Your objective:
Below are the records to retype. Keep every character exactly and leave out the pictures.

START Given records

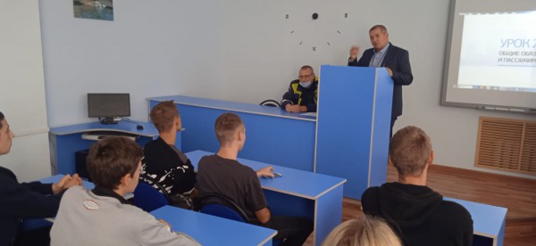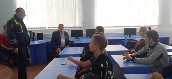 - 22 сентябр педагог-организатор ОБЖ Ильяшенко Н.Н. организовал встречу для студентов 1 курса с представителем ГИБДД Сидоренко В.С. на тему «ПДД - закон для всех»
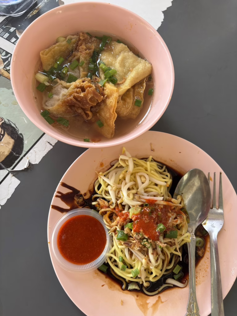 Das Festmahl beginnt mit mee kicap, einem Nudelgericht, das in Ipoh als Frühstück beliebt ist. Es besteht aus blanchierten gelben Nudeln, die mit einer süßlich-dunklen Sojasaucen-Mischung vermengt und einer klaren Suppe mit frittierten Fisch-Wonton serviert werden.
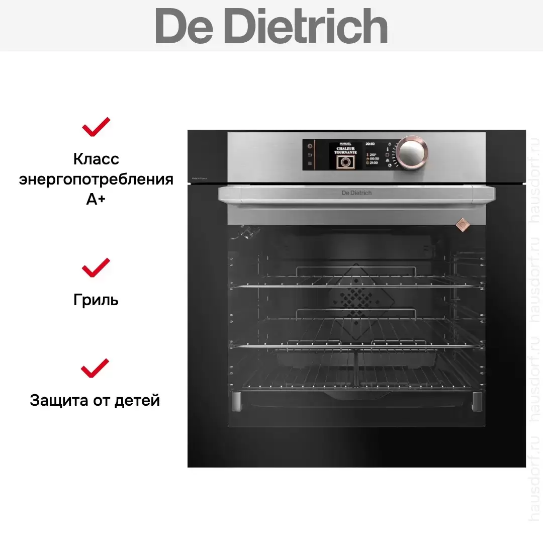 Количество режимов работы в духовом шкафу Де Дитрих: 10. В число доступных программ входят: конвекция, гриль для создания хрустящей корочки, и другие. Тип гриля в этой модели — электрический.
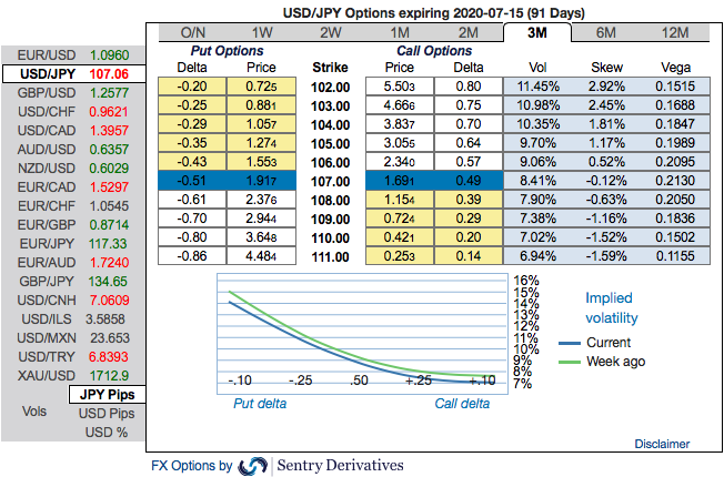At spot reference: 107.120 levels, we advocate buying a 2M/2w 108.910/102 put spread (vols 8.95 vs 8.55 choice), we would like to maintain the ITM long leg with the diagonal tenors on hedging grounds.
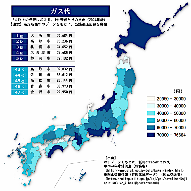 ‘ 正解は・・・ <ガス代> 大阪市がトップ! 都市ガスとプロパンガスが含まれます。 上下の差がかなり大きい。 今日もたくさんのためになるリプをありがとうございます。 おやすみなさい。 ★ファミマビジョンで出題中★ gate-one.co.jp/news/info/8326/ #ガス代 #地理 #GIS #クイズ #統計 pic.x.com/B6GT1bbPm8

END Given records

Result:
 - 22 сентябр педагог-организатор ОБЖ Ильяшенко Н.Н. организовал встречу для студентов 1 курса с представителем ГИБДД Сидоренко В.С. на тему «ПДД - закон для всех»
 Das Festmahl beginnt mit mee kicap, einem Nudelgericht, das in Ipoh als Frühstück beliebt ist. Es besteht aus blanchierten gelben Nudeln, die mit einer süßlich-dunklen Sojasaucen-Mischung vermengt und einer klaren Suppe mit frittierten Fisch-Wonton serviert werden.
 Количество режимов работы в духовом шкафу Де Дитрих: 10. В число доступных программ входят: конвекция, гриль для создания хрустящей корочки, и другие. Тип гриля в этой модели — электрический.
At spot reference: 107.120 levels, we advocate buying a 2M/2w 108.910/102 put spread (vols 8.95 vs 8.55 choice), we would like to maintain the ITM long leg with the diagonal tenors on hedging grounds.
 ‘ 正解は・・・ <ガス代> 大阪市がトップ! 都市ガスとプロパンガスが含まれます。 上下の差がかなり大きい。 今日もたくさんのためになるリプをありがとうございます。 おやすみなさい。 ★ファミマビジョンで出題中★ gate-one.co.jp/news/info/8326/ #ガス代 #地理 #GIS #クイズ #統計 pic.x.com/B6GT1bbPm8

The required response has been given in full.